= Your assignment =
Your task is to print all of the data below exactly, with no pictures included.

= Data provided =
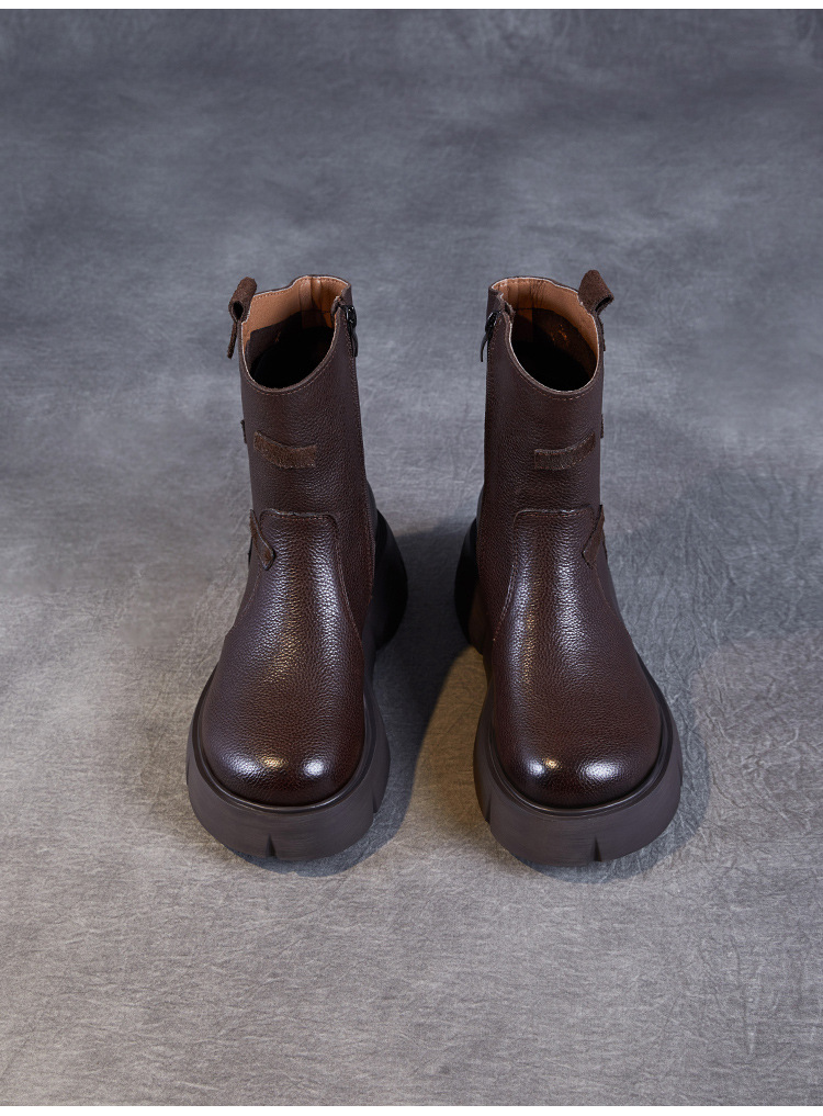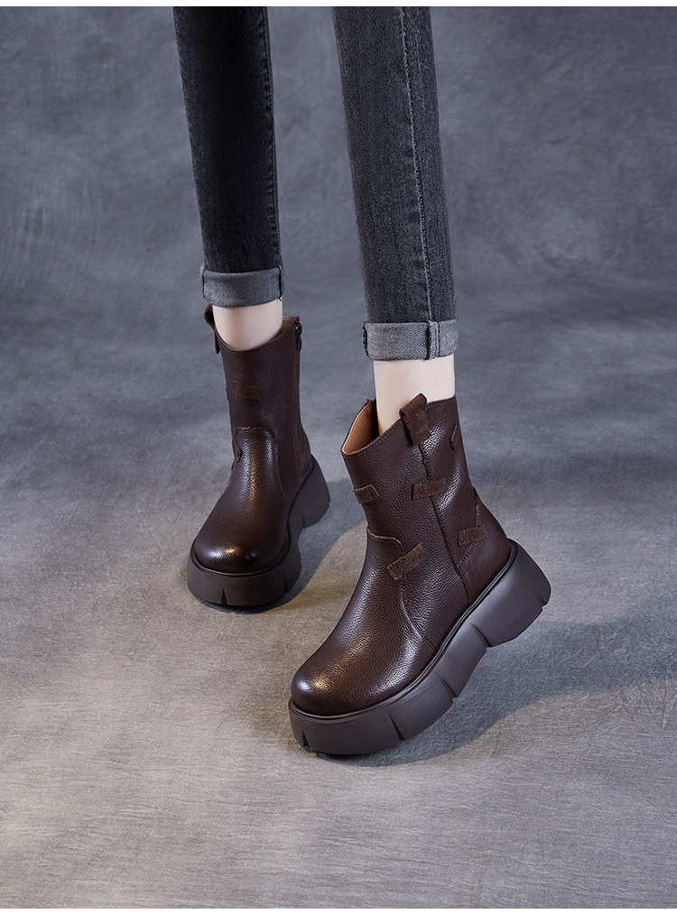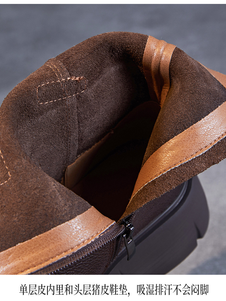 미드 부츠 여성 가을 및 겨울 새로운 정품 가죽 패션 올 매치 나이트 부츠 두꺼운 밑창 캐주얼 거지 패치 마틴 부츠스토어 가기
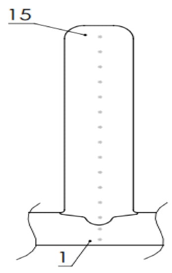 The greatest issue, which is seen without any additional testing is porosity, shown in Figure 4. Groups of pores are located at the external sides. Pores are more present at higher layers, probably because the protection of the shielding gas gets weaker due to its loss in the surrounding air. For the lower layers shielding gas is deflected from the substrate, thus creating more complete protective surrounding. Additionally, a possible explanation could be the turbulences, which can occur due to the hot air. It is easier than the cold air and it ascends along the wall, “breaking” the shielding gas envelope. Even the increased welding speed could be the reason since it could deteriorate shielding gas protection []. These are only assumptions, but they could be interesting and worth enough to be researched further. For example, a kind of shielding gas chamber could be designed and introduced to the process. This idea could help to stop—or at least reduce—shielding gas loss in surrounding air, thus improving the protection of the wall and prevent excessive forming of the pores. However, this issue supports the idea to test milled walls to check for possible porosity at the inside. The porosity should be reduced and there is a room for process improvement during the future research, and the guideline could be the idea presented in papers [,], where the appropriate shielding gas device was designed to improve the protection of the process.
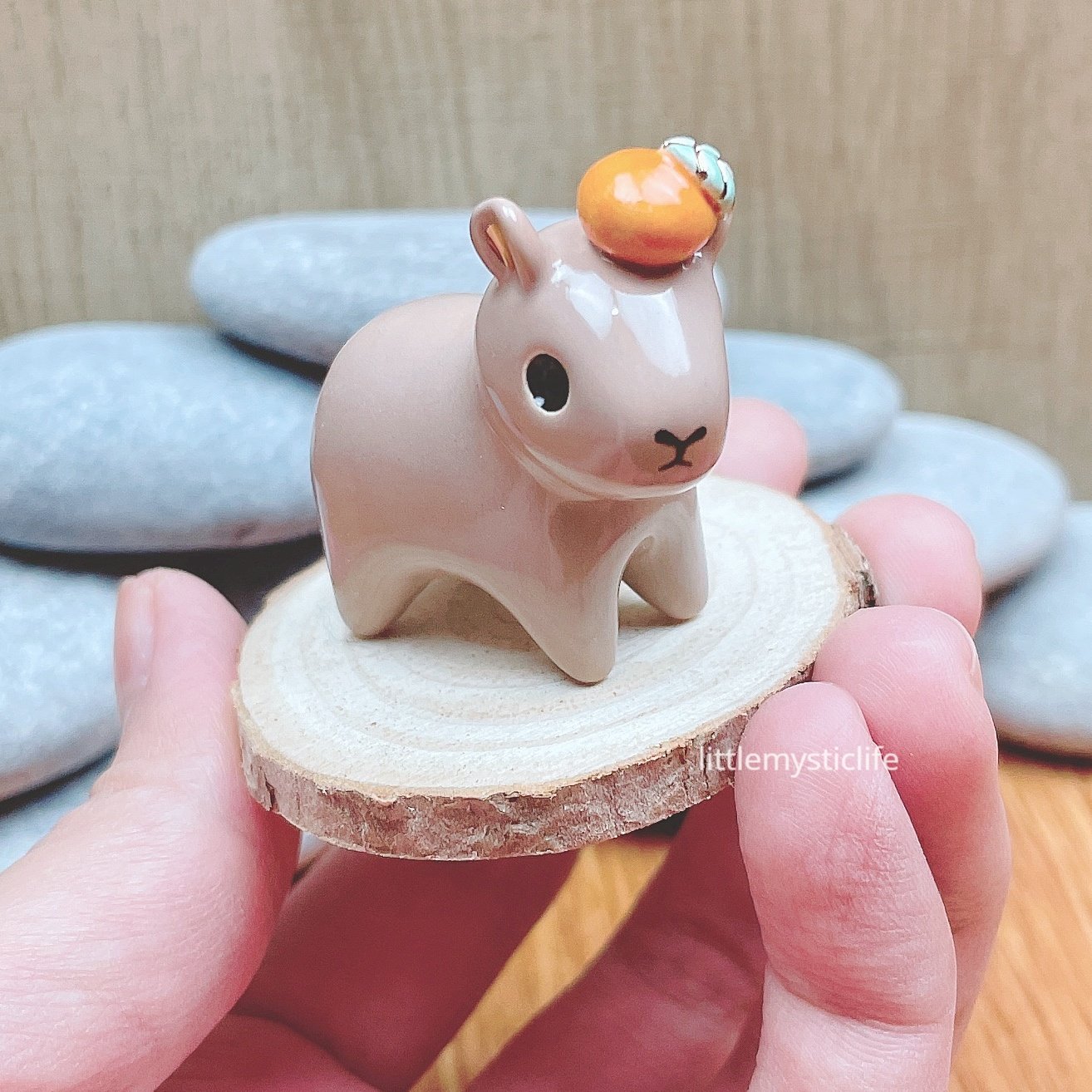 capybara ceramic figurine is made of low fire earthen clay and Duncan underglaze for ceramic. In order to achieve the final looking pieces, I put a lot of time and care into sculpting, glazing, and firing my pieces at the right temperature. Delicate 22k gold details are painted by hand in these pieces for elegant and shiny looking. Please handle them with care.

= Result =
 미드 부츠 여성 가을 및 겨울 새로운 정품 가죽 패션 올 매치 나이트 부츠 두꺼운 밑창 캐주얼 거지 패치 마틴 부츠스토어 가기
 The greatest issue, which is seen without any additional testing is porosity, shown in Figure 4. Groups of pores are located at the external sides. Pores are more present at higher layers, probably because the protection of the shielding gas gets weaker due to its loss in the surrounding air. For the lower layers shielding gas is deflected from the substrate, thus creating more complete protective surrounding. Additionally, a possible explanation could be the turbulences, which can occur due to the hot air. It is easier than the cold air and it ascends along the wall, “breaking” the shielding gas envelope. Even the increased welding speed could be the reason since it could deteriorate shielding gas protection []. These are only assumptions, but they could be interesting and worth enough to be researched further. For example, a kind of shielding gas chamber could be designed and introduced to the process. This idea could help to stop—or at least reduce—shielding gas loss in surrounding air, thus improving the protection of the wall and prevent excessive forming of the pores. However, this issue supports the idea to test milled walls to check for possible porosity at the inside. The porosity should be reduced and there is a room for process improvement during the future research, and the guideline could be the idea presented in papers [,], where the appropriate shielding gas device was designed to improve the protection of the process.
 capybara ceramic figurine is made of low fire earthen clay and Duncan underglaze for ceramic. In order to achieve the final looking pieces, I put a lot of time and care into sculpting, glazing, and firing my pieces at the right temperature. Delicate 22k gold details are painted by hand in these pieces for elegant and shiny looking. Please handle them with care.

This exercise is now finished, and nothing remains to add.